House of Assembly: Tuesday, February 28, 2017

Contents

Electricity Generation

Mr VAN HOLST PELLEKAAN (Stuart) (14:40): My question is for the Minister for Mineral Resources and Energy. Does the minister stand by his claim that we have sufficient electricity generation capacity within South Australia? With your leave and that of the house I will explain.

The SPEAKER: No, we have an understanding, in order to maximise the number of opposition questions, that there won't be explanations. Minister.

The Hon. A. KOUTSANTONIS (West Torrens—Treasurer, Minister for Finance, Minister for State Development, Minister for Mineral Resources and Energy) (14:40): I do stand by the remarks that I have made in this place and in many other places that the problem with the National Electricity Market is not available generation; it is its dispatch. There is an oversupply of generation in this state for average demand. There are times of peak demand across the country when places like New South Wales are short, Victoria can be short, South Australia can be short, and the reason they are short is that these types of high demand come around maybe once or twice at most five times a year.

The idea that you would have 3,000 megawatts continually operating in that kind of marketplace wouldn't be economical. The question is: how much generation do you have sitting idle in those periods when you don't have that peak demand? Again, this is a complex matter for the National Electricity Market. How will investors invest in peaking generators and other forms of generation like battery and other things that come on and are there to meet peak demands that come along rarely? That is the problem with the National Electricity Market: it does not incentivise it.

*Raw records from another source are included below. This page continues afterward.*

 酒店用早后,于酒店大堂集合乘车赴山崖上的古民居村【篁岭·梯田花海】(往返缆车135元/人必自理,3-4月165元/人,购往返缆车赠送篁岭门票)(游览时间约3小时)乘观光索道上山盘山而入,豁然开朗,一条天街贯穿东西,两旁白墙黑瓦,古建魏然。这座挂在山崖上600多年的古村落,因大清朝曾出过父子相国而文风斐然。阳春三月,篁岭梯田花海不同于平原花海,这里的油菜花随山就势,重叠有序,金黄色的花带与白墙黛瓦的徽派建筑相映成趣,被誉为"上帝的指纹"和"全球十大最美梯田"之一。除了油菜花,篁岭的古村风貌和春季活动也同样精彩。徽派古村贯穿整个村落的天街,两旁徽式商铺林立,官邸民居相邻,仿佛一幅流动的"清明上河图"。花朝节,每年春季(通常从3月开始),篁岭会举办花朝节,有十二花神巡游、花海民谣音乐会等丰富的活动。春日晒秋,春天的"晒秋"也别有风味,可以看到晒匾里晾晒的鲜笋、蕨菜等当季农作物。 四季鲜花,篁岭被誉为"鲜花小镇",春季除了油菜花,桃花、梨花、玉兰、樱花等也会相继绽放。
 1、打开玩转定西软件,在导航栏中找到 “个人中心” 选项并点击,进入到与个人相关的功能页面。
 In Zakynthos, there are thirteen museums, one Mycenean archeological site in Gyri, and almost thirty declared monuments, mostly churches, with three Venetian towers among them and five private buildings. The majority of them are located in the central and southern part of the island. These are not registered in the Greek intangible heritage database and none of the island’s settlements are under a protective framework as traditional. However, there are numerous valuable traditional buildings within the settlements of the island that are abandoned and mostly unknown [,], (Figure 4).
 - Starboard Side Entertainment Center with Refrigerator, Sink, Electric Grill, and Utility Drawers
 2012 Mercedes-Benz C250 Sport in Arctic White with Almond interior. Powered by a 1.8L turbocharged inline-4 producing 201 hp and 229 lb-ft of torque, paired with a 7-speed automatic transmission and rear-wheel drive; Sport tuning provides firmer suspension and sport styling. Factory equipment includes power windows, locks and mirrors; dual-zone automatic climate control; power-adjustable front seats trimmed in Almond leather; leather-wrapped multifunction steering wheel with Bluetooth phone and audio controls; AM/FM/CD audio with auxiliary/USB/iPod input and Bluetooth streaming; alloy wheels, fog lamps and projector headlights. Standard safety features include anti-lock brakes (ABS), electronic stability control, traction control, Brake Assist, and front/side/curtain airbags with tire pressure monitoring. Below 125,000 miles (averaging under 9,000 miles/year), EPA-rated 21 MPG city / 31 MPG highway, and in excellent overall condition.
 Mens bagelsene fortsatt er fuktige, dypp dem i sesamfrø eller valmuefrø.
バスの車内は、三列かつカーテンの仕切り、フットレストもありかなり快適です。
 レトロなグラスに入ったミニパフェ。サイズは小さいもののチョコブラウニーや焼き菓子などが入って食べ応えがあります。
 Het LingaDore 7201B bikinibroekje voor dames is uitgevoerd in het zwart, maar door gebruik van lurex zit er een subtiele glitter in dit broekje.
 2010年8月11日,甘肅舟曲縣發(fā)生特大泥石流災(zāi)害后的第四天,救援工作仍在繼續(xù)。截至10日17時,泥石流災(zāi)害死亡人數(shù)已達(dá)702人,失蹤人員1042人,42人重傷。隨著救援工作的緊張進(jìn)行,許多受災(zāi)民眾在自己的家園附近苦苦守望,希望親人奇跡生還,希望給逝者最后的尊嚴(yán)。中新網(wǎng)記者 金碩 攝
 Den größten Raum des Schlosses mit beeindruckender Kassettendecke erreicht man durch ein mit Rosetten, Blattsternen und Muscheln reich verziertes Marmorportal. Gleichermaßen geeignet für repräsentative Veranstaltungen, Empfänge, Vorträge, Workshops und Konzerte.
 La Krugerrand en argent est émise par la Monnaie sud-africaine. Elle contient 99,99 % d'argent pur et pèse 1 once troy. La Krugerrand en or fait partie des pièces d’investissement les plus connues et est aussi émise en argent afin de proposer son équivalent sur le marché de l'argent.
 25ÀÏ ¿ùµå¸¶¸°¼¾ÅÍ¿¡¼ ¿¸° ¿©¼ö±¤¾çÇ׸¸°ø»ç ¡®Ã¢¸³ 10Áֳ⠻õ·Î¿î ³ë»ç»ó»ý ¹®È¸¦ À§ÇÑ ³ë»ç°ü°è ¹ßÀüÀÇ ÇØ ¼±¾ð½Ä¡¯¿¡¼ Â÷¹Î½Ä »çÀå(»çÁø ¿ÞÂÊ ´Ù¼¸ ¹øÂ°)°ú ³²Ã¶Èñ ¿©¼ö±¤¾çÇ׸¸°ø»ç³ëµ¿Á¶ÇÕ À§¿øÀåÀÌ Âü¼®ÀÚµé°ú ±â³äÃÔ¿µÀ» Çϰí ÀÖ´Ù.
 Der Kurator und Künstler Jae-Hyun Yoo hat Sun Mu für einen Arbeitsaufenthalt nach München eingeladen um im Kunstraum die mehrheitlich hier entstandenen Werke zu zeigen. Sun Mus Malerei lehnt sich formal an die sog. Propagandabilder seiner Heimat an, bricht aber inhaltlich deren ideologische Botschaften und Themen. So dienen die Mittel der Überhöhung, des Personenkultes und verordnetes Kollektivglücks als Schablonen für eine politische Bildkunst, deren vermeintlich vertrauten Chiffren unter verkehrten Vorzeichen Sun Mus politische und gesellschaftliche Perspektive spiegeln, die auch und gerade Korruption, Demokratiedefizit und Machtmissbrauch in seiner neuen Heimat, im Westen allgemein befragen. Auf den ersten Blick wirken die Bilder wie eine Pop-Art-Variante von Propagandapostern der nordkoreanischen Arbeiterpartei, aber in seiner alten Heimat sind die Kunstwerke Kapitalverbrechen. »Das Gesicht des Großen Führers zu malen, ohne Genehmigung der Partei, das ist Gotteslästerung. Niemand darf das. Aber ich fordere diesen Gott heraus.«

The way that it attempts to incentivise it is through its pricing. You can have a price of up to negative $1,000 where you pay to take electricity up to $14,000 a megawatt hour, so you send price signals out into the market and those price signals are there to try to help recoup some of the holding costs of those generators that are sitting in the NEM. But in any one day there is sufficient supply of electricity to meet our demands. The problem we have is the way that the NEM is being run is not optimal for the profitability of our local generators. It is not conducive to their making money.

We need to change the system. The question fundamentally is this: do you prefer South Australian gas or Victorian coal? On this side of the house, we support South Australian gas. I know members opposite have an aversion to gas. They have an aversion to South Australian gas. They would much prefer to support coalmines in Victoria—

The SPEAKER: Point of order, member for Morialta.

Mr GARDNER: The minister is debating: standing order 98.

The SPEAKER: He is. I uphold the point of order.

The Hon. A. KOUTSANTONIS: We make no apology for doing everything we can to incentivise local generation, whether it be wind, solar, other forms of renewable energy and gas. The reason we incentivise that is so that we can have as much available thermal generation and renewable generation as possible to help us transition to a completely carbon-free future. The only way that you are going to transition to a carbon-free future is to have gas as that transitional fuel, and the only way that you can have gas as the transitional fuel is through a liquid market. Moratoriums and bans do not work, and members opposite have finally got a mining policy: they are going to ban gas. The member is nodding.